2. Les perspectives d'activité de la branche et les actions à engager afin de rétablir son activité à un niveau garantissant sa pérennité
La situation actuelle ne remet cependant pas en cause la pérennité des entreprises elle-même liée aux différentes actions liées à l'utilisation et à la valorisation du matériau bois.
On citera à ce titre les politiques conduites pour reconnaître au bois son rôle essentiel en matière de gestion durable et environnementale, les actions de promotion des marchés intérieurs et extérieurs assurant le développement de l'utilisation du matériau « bois » par rapport à d'autres produits, son caractère de ressource durable et renouvelable, son utilisation essentielle dans l'ensemble de la politique industrielle y compris en matière d'énergie.
Les axes essentiels de pérennité sont donc notamment :
– un engagement sur l'utilisation et la valorisation du produit bois ;
– une présence du bois dans la problématique de l'énergie renouvelable ;
– la recherche permanente de nouveaux clients à travers une multiplication des produits bois et matériaux bois ;
– une politique gouvernementale qui souhaite contribuer à la valorisation des industries du bois en France.
3. Les besoins de développement des compétences dans la branche, associés aux perspectives d'activité mentionnées au 2
Les principaux axes d'actions en matière de politique de formation professionnelle sont relatifs aux domaines ci-dessous énoncés :
– élaboration de parcours de formation spécifiques ;
– réalisation d'un état des lieux et diagnostic prospectif des besoins en compétences des actifs et des entreprises de la filière bois et forêt : dans le cadre de l'EDEC sylviculture et exploitation forestière, les OPCO AKTO et Ocapiat mandatés par leurs branches professionnelles respectives conduisent cette étude sur l'évolution des besoins en compétences dans la filière bois et forêts.
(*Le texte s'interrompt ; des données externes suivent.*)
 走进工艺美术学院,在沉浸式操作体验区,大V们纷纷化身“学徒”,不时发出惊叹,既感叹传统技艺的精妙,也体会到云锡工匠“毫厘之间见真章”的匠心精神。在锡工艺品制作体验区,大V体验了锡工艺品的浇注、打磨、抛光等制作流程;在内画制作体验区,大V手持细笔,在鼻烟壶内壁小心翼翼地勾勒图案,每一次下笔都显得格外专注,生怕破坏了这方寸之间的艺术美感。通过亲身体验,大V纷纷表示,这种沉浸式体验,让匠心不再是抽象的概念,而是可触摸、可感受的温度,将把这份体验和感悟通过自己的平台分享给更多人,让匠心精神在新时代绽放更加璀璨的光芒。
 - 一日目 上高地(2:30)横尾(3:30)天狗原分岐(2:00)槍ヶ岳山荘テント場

L'objectif est d'analyser les effets des transitions en cours et notamment écologiques et numériques sur les métiers et les compétences du secteur, de proposer une cartographie actualisée des métiers, et de vérifier la pertinence de l'offre de formation actuelle pour répondre aux besoins futurs de qualification ;
– l'EDEC se déclinera en intégrant les besoins identifiés au sein des secteurs de la transformation et commercialisation du bois.
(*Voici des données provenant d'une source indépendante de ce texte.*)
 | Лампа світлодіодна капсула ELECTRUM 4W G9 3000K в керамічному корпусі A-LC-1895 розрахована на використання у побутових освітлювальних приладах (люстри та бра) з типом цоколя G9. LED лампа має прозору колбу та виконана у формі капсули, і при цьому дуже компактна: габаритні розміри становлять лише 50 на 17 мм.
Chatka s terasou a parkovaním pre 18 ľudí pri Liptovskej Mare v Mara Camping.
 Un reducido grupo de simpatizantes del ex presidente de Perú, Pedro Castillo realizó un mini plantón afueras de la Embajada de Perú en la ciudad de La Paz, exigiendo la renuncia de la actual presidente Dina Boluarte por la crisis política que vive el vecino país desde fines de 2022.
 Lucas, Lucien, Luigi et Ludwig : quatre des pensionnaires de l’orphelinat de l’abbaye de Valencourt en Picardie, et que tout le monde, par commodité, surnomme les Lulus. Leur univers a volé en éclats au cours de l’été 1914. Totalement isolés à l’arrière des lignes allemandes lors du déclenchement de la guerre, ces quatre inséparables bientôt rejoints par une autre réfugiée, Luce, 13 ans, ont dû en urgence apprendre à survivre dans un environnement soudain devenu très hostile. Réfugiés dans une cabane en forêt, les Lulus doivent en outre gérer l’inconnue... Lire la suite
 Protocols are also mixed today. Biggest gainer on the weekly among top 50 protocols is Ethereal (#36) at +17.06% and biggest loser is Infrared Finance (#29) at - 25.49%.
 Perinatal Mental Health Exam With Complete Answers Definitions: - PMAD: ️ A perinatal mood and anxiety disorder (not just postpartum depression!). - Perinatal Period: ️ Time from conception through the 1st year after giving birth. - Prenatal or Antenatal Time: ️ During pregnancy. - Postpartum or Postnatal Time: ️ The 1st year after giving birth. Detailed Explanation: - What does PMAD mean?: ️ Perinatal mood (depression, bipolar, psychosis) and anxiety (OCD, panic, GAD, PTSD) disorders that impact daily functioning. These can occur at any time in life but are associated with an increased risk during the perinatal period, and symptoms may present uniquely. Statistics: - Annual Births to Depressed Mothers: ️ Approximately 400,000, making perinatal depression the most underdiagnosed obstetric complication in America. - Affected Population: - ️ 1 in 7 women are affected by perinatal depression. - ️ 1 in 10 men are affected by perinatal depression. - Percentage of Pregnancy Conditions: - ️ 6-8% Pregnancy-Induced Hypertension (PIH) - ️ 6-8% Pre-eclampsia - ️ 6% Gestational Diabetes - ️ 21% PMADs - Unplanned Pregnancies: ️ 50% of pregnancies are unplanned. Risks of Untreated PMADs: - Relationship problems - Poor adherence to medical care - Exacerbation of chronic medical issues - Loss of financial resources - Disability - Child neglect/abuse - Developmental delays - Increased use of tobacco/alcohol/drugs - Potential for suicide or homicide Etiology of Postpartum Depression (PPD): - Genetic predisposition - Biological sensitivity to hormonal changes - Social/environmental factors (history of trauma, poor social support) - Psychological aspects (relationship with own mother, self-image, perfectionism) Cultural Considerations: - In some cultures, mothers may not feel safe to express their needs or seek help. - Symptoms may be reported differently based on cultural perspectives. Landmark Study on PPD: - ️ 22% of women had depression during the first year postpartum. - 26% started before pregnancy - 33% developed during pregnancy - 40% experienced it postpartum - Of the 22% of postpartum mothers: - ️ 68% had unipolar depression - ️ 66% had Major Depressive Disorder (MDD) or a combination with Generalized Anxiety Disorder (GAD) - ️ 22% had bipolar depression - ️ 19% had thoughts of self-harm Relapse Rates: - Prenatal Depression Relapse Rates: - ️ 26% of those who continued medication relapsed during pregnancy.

Les partenaires sociaux sont ainsi résolus à engager tous les moyens utiles pour affronter la crise économique et ses conséquences sociales, et favoriser le maintien dans l'emploi des salariés de la branche.
Dans le cadre de l'article 193 de la loi n° 2025-127 du 14 février 2025 de finances pour 2025, les partenaires sociaux ont entendu par le présent accord permettre d'assurer la pérennité des entreprises de la banche confrontées à une réduction d'activité durable, tout en s'efforçant de préserver l'emploi et les compétences des salariés.
Dans ce cadre les dispositions qui suivent s'inscrivent également dans celles du décret n° 2025-338 du 14 avril 2025 relatif au dispositif d'activité partielle de longue durée rebond.